The stone here was older, the walls hung with faded tapestries that had survived whatever had emptied this place before they arrived.
She stopped only when they reached the very top of the tower. There were only two sets of doors.
After a quick gesture to the door to the right, she pushed it open.
The room beyond was larger than he’d expected, a proper chamber, not a repurposed storage space. A bed, a window with a balcony looking out over the courtyard below. It even had a large desk with an office-like chair.
Someone had clearly put a lot of effort into it.
"Your room," Ivy said. "I thought it made sense to have you somewhere permanent, given everything."
Damon lingered for a moment, his gaze shifted away from the room behind the open door and toward the closed door to the left.
"Yours?" he asked.
Something crossed her face, perhaps a flicker of surprise as his guess caught her off guard. "It made logistical sense," she said. "You’ll need to be reachable quickly when things come up... And things come up constantly now."
Damon nodded.
Although Ivy was the chosen leader of the people, he was the leader of the citadel itself, at least according to the system. And so the two of them were basically co-leaders of the human coalition, if one might call it that.

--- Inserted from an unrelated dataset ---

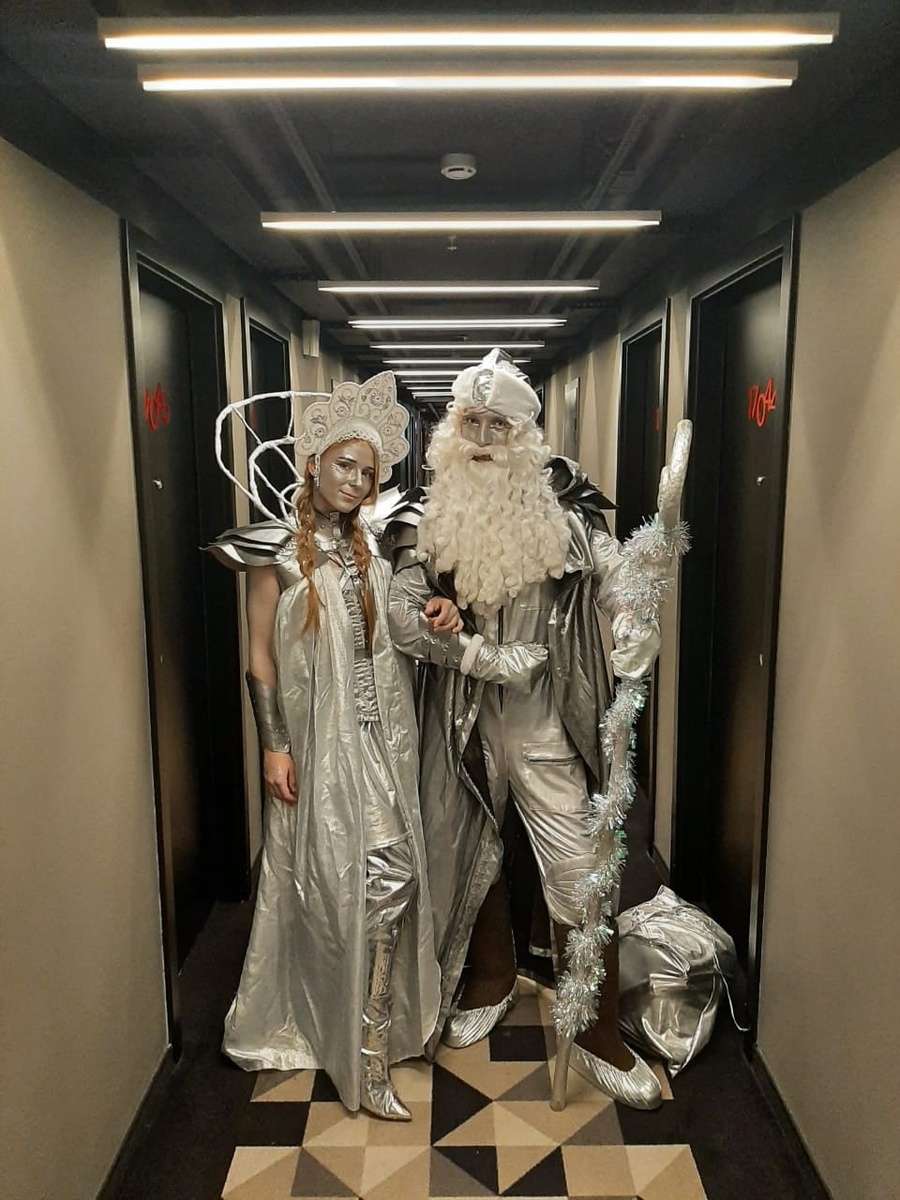 Эти же герои Питерского корпоратива выглядят почти так - в серебре-металле, очень непривычно, выбиваясь из традиционного представления о Деде Морозе и Снегурочке.

He stepped inside the room, but the moment he went in—
The door shut behind him.
The sound of a metal bolt sliding home made him turn fast, and when he turned, Ivy was already there, her back against the locked door, an expression on her face he had never seen before.
Every trace of the careful neutrality she’d maintained since the grand hall was gone, replaced by something she had clearly been holding at a considerable distance for a considerable amount of time.
She crossed the distance toward him in two steps, then she took his face in both hands and pressed her lips against his before he could say a single word.